4. Trouvez le bon pas, suivant la nature du terrain
Ne sous-estimez pas l'utilité des bâtons pour soulager vos jambes lors des longues montées et des descentes. Variez votre pas en fonction du terrain et de votre niveau d'énergie. Lorsque le dénivelé est proche de zéro, marchez à plat, mais sans traîner les pieds quand même. Ainsi, vous étirez moins les muscles du mollet, ce qui peut soulager la tension dans cette partie du corps très sollicitée en rando. En montée, tenez-vous droit et, au sommet de chaque pas, lorsque votre jambe arrière est complètement tendue, prenez une brève seconde pour vous reposer, en mettant tout votre poids sur la jambe qui descend.
5. Allégez votre sac, oui c'est (encore) possible
Moins de kilos à porter, c’est autant d'énergie économisée. Ne gardez que les équipements absolument indispensables, et, si possible, dans leur version la plus légère. Même chose pour les chaussures. Un kilo au pied… c’est cinq fois plus sur le dos, dit-on. Les besoins de chacun sont différents, mais avant d'investir dans de grosses chaussures, rigides et lourdes, assurez-vous que cela s’impose vraiment sur le sentier que vous allez parcourir. Ces modèles-là ne seront pas toujours le meilleur choix pour vous.
6. Déniv ? Distance ? Faites les bons choix pour commencer
Si vous manquez d'entraînement, choisissez un sentier sans montées ni descentes éprouvantes. Pourquoi s’épuiser inutilement et risquer de vous blesser ? Et, une fois sur le terrain, si les distances ou les dénivelés vous semblent insurmontables, décomposez-les en petits morceaux plus faciles à gérer. Concentrez-vous sur la prochaine heure ou la prochaine ascension, plutôt que sur votre objectif final. Cela peut vraiment vous aider à vous intégrer l’idée que vous pouvez faire plus que ce que vous pensiez.

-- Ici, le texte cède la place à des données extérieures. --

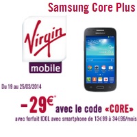 Le Samsung Core Plus est au prix de 29.99€ soit 0.99€ avec la remise immédiate de 29€ avec un forfait avec engagement de 24 mois chez Virgin Mobile, à partir de 13.99€ avec les offres IDOL M et à partir de 15.99€ avec les abonnements bloqués. La remise s’applique également avec les forfaits iDOL S sans engagement à partir de 3.99€ avec option mobile à 4€ par mois. Le Smartphone est au prix de 1€ au lieu de 29.99€ à la commande puis 4€ par mois pendant 24 mois. Pour profiter de la remise, vous devez indiquer le code promo « CORE » lors de l’inscription.

7. Restez positif, faites-vous du bien
Tout est dans l’approche de l’effort. Restez donc positif, maintenez-vous dans une zone de confort satisfaisante et choisissez bien vos compagnons de randonnée. Mieux vaut être en phase et partager la même vision du risque et de l’effort. Cela crée des liens, et encourage la conversation. De quoi faire passer les kilomètres les plus difficiles ! Et vous donner envie de poursuivre sur les sentiers.